● **What is required**
Omit images. Retype all entries verbatim.

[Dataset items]

%%

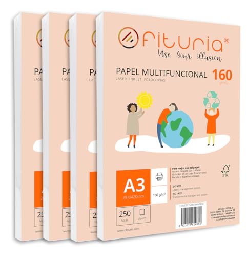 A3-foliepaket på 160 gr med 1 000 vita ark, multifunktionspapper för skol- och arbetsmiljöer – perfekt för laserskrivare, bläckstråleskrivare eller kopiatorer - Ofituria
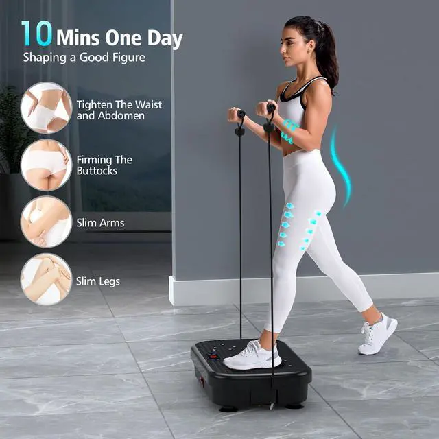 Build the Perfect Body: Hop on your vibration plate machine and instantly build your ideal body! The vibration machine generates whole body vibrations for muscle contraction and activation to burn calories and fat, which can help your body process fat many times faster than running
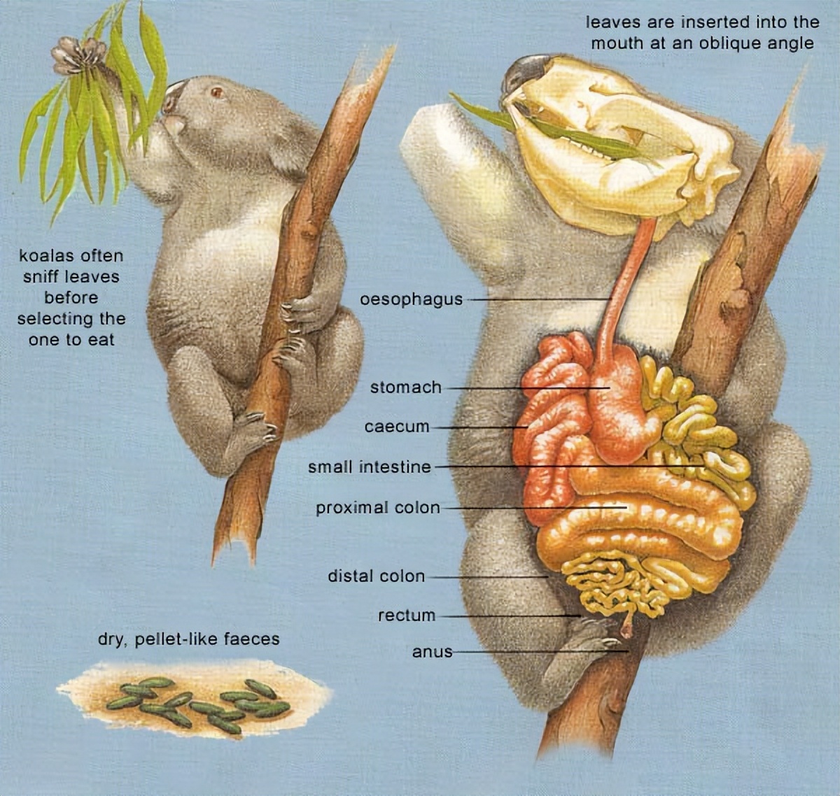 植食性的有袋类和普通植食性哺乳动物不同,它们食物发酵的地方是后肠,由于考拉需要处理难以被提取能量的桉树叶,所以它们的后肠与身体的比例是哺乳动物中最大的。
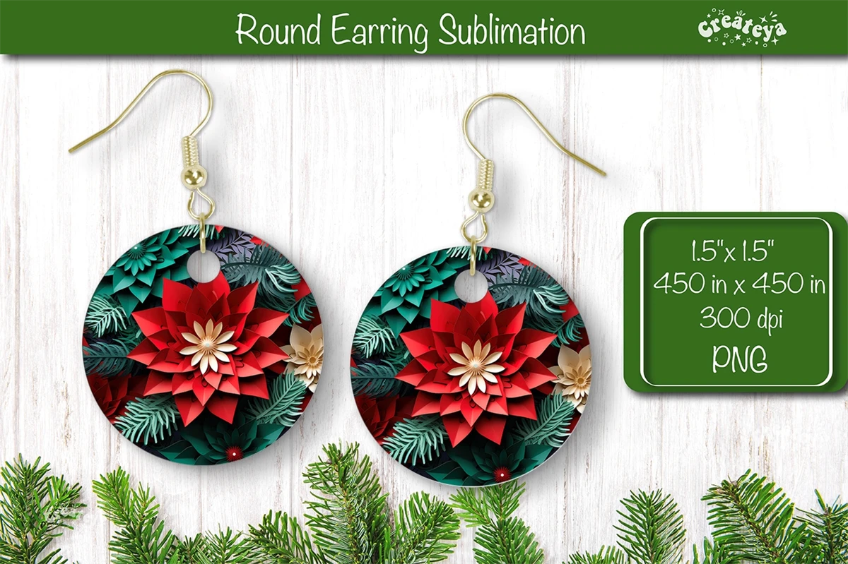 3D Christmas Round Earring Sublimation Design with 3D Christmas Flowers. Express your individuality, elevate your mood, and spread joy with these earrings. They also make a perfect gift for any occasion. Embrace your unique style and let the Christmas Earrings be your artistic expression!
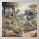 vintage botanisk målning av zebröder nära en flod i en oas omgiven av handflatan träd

%%

● **Response to this exercise**
 A3-foliepaket på 160 gr med 1 000 vita ark, multifunktionspapper för skol- och arbetsmiljöer – perfekt för laserskrivare, bläckstråleskrivare eller kopiatorer - Ofituria
 Build the Perfect Body: Hop on your vibration plate machine and instantly build your ideal body! The vibration machine generates whole body vibrations for muscle contraction and activation to burn calories and fat, which can help your body process fat many times faster than running
 植食性的有袋类和普通植食性哺乳动物不同,它们食物发酵的地方是后肠,由于考拉需要处理难以被提取能量的桉树叶,所以它们的后肠与身体的比例是哺乳动物中最大的。
 3D Christmas Round Earring Sublimation Design with 3D Christmas Flowers. Express your individuality, elevate your mood, and spread joy with these earrings. They also make a perfect gift for any occasion. Embrace your unique style and let the Christmas Earrings be your artistic expression!
 vintage botanisk målning av zebröder nära en flod i en oas omgiven av handflatan träd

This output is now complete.